# husqvarna 362xp ?



## jesse (Apr 28, 2008)

anyone have any experience with a 362xp? how does is compare to a 365 or 357xp? why isn't it as well know as the other saws?


----------



## Sealcove (Apr 28, 2008)

I assume it was a revamped version of the 262XP, which was a great saw in its day.  I still have working one that is ten years old.  I don't think the 362XP has been around terribly long, else I would have probably gone for one over my 357XP.  That said the 357XP has been a very good saw.

SC


----------



## jesse (Apr 28, 2008)

when i was researching to buy a new saw I came across it.  It doesn't have the same advertised hp to weight ratio as the 357xp or 372xp

the 362xp 4.6 hp at 13.0 lbs
the 357xp 4.4 hp at 12.1 lbs
the 372xp 5.3 hp at 13.4 lbs

I actually found it online at one store for $100 less than the 357xp


----------



## Sealcove (Apr 28, 2008)

I had to search for it on the Husqvarna site.  It was not listed on the page with all of the other XP grade saws.  I wonder what that means.


----------



## jesse (Apr 28, 2008)

Yeah - i have no idea - just did a yahoo search on it and there isn't much to be found.


----------



## jesse (Apr 28, 2008)

they have it at wisesales.com alongside the other xp's but it's $50 more than the 357xp


----------



## LRCRUE08 (Apr 28, 2008)

Islander, I just bought a 362xp last week. I have only cut a couple trees since, but so far it is pretty serious.   I stepped up from a small echo so this husqvarna feels like a total monster.  I bought the saw on sale for 550.00 I noticed it for 650 on the web.  I bought it at Giant Oak Power Equiptment in North Branford, Ct. (203) 488-0175 in case you want to check pricing.


----------



## jesse (Apr 28, 2008)

Larry - do you know if  the 362xp is new to the lineup?


----------



## LRCRUE08 (Apr 29, 2008)

I am not sure how new it is....the guy at the shop was hot on the saw as he said the xp specials were made in Sweden versus the regular saws in the lineup.

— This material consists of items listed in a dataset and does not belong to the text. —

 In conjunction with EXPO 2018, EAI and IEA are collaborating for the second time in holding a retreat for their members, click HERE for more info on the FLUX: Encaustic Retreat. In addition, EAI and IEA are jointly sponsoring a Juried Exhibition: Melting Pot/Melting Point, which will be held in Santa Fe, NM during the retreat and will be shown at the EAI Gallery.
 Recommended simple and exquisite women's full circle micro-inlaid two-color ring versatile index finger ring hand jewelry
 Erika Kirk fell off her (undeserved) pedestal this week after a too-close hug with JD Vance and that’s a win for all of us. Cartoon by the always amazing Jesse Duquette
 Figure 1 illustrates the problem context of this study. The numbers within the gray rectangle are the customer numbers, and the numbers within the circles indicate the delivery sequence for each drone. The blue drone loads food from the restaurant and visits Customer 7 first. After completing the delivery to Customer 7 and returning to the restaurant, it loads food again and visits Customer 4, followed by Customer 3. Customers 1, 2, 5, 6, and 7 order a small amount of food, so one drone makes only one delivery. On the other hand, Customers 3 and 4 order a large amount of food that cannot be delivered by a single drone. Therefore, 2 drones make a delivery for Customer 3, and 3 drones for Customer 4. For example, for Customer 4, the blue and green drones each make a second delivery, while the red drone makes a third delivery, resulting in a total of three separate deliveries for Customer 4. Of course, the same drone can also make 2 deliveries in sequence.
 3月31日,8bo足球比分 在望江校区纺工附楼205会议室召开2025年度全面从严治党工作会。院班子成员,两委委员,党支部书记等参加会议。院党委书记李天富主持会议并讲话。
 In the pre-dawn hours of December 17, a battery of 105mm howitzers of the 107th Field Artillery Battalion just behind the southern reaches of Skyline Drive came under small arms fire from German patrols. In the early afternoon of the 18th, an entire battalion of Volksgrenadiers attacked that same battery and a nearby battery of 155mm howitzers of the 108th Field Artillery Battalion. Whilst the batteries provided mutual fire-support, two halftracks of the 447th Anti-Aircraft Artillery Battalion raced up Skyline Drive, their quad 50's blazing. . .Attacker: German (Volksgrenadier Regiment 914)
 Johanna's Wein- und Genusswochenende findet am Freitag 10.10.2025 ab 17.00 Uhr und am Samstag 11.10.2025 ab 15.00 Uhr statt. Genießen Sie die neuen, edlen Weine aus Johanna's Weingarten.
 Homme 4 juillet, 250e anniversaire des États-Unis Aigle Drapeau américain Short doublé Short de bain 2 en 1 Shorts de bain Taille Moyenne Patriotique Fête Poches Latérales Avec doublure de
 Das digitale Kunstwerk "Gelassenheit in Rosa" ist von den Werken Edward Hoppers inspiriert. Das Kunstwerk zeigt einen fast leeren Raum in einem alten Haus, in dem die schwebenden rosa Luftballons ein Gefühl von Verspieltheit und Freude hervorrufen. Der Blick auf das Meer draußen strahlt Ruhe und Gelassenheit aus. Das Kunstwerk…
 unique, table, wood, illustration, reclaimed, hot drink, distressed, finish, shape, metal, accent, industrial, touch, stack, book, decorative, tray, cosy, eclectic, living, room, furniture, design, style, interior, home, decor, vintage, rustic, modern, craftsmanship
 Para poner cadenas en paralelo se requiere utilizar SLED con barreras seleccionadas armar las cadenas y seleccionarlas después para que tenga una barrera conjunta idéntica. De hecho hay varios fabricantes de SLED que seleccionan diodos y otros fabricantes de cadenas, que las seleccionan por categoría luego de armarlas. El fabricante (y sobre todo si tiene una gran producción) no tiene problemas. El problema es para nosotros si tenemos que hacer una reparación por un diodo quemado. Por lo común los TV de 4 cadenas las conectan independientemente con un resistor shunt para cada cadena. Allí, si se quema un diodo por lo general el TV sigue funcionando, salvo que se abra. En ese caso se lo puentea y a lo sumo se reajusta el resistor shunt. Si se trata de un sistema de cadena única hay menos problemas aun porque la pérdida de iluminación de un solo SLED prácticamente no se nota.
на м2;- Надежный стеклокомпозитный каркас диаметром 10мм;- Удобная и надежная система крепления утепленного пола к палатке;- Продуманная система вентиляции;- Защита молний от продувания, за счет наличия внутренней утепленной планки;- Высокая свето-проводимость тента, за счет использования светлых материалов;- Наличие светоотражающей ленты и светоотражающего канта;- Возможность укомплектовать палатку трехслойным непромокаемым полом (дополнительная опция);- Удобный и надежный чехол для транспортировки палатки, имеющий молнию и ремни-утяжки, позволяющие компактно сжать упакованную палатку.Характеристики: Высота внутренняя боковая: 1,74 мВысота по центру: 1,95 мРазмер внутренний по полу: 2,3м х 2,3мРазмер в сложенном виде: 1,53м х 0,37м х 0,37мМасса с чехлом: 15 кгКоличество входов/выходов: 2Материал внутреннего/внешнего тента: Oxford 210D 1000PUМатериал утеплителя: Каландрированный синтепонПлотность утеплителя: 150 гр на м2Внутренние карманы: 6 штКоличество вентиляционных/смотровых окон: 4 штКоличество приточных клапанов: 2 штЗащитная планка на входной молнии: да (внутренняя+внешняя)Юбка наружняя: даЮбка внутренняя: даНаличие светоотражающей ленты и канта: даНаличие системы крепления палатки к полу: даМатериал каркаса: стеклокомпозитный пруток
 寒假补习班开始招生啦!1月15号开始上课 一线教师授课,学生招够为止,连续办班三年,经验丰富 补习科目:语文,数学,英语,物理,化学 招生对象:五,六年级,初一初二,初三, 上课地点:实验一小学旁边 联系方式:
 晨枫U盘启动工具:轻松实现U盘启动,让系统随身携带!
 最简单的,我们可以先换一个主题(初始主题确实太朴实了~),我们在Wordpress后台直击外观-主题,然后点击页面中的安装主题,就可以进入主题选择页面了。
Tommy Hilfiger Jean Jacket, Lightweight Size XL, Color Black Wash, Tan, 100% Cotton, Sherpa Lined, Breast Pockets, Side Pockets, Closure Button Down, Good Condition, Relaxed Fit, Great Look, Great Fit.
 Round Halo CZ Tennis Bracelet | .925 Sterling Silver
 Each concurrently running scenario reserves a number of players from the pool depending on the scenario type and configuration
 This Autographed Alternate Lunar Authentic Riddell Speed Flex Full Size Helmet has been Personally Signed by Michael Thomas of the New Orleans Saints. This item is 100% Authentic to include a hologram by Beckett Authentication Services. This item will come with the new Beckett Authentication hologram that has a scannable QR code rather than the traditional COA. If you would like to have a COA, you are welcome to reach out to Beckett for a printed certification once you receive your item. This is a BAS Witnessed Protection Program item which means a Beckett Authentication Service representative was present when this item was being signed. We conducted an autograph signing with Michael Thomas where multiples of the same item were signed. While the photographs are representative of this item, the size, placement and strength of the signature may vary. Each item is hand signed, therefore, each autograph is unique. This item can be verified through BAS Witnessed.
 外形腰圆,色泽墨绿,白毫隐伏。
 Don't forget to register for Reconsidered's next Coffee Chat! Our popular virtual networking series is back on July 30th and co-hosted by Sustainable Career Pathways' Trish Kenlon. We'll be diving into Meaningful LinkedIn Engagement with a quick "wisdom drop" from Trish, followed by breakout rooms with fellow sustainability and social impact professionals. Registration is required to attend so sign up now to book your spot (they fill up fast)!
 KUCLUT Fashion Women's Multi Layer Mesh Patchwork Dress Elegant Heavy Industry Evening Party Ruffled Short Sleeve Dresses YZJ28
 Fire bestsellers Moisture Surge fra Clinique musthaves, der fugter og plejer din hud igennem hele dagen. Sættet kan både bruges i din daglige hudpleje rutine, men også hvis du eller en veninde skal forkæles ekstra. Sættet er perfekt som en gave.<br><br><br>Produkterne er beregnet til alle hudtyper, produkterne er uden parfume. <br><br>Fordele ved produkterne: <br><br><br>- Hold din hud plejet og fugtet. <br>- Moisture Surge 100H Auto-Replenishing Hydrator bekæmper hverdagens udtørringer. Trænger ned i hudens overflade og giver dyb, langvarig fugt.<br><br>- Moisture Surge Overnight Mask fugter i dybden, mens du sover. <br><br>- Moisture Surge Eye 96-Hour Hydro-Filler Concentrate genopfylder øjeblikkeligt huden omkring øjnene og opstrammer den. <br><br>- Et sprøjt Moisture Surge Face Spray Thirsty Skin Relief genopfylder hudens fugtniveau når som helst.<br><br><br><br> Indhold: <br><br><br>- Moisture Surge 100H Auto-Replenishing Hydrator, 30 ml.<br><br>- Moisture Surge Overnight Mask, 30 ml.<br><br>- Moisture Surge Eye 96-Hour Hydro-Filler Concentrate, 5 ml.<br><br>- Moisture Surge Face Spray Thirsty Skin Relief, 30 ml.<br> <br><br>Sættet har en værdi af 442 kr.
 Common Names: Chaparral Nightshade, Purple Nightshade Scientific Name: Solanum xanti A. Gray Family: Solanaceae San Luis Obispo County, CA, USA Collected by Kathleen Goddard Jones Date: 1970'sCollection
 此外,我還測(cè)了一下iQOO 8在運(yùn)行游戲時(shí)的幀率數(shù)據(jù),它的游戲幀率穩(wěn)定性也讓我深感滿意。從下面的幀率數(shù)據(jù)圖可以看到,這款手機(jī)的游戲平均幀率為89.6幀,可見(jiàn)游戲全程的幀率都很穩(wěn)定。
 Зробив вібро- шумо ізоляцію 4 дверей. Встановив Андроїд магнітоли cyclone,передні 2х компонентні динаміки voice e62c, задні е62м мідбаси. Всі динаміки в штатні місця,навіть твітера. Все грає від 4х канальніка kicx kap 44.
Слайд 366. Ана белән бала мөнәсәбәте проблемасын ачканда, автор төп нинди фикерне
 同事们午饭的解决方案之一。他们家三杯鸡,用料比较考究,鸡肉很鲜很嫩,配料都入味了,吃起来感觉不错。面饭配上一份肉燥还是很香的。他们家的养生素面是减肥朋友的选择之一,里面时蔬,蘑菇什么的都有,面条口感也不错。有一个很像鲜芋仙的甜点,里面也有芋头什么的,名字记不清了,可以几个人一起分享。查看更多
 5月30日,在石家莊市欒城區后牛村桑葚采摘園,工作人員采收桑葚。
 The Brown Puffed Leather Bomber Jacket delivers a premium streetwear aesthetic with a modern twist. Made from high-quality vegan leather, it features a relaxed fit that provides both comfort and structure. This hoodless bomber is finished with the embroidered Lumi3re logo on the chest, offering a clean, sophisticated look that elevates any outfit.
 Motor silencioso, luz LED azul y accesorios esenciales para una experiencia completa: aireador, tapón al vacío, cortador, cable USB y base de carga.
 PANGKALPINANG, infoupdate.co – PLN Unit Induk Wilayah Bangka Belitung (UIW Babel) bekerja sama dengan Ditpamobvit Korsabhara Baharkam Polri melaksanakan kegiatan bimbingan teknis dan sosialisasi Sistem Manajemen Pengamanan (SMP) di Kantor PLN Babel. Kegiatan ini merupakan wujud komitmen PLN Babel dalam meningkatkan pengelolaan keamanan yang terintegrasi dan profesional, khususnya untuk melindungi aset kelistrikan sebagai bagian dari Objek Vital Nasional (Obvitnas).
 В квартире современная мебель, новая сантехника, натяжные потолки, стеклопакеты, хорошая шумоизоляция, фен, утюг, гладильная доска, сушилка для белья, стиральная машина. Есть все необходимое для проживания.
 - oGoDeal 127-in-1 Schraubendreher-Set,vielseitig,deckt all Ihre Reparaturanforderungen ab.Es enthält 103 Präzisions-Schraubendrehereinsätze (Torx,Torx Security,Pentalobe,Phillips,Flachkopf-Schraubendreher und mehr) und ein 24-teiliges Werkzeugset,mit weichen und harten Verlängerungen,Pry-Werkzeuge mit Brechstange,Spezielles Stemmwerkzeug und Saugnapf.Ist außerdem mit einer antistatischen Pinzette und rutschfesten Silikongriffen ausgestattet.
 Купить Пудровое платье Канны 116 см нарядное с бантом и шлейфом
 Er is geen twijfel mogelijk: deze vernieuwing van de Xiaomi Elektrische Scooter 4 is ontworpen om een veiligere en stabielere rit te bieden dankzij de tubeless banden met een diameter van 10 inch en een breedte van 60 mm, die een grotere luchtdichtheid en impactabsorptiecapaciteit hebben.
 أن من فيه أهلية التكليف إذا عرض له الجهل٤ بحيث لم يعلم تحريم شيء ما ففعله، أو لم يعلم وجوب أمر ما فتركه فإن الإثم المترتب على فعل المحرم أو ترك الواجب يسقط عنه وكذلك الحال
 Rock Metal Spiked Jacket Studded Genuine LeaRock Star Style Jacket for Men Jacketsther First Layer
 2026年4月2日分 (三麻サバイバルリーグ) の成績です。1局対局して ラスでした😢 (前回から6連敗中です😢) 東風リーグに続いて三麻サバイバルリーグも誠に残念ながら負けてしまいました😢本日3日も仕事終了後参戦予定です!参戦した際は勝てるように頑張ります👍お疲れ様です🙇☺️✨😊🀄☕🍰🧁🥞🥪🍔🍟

Apparently the key words are xp special???? Don't quote me on that one....
when I went on the Husqvarna web site I find it without problem under the arborist category.


----------



## jesse (Apr 29, 2008)

supposedly the larger husky's are all made in sweden.

I know the regular line about the saw - the same description that husqvarna has on the website is repeated on other seller's websites.  I just have had trouble finding people's own personal reviews about the saw and any comparisons to other saws in the xp line.


----------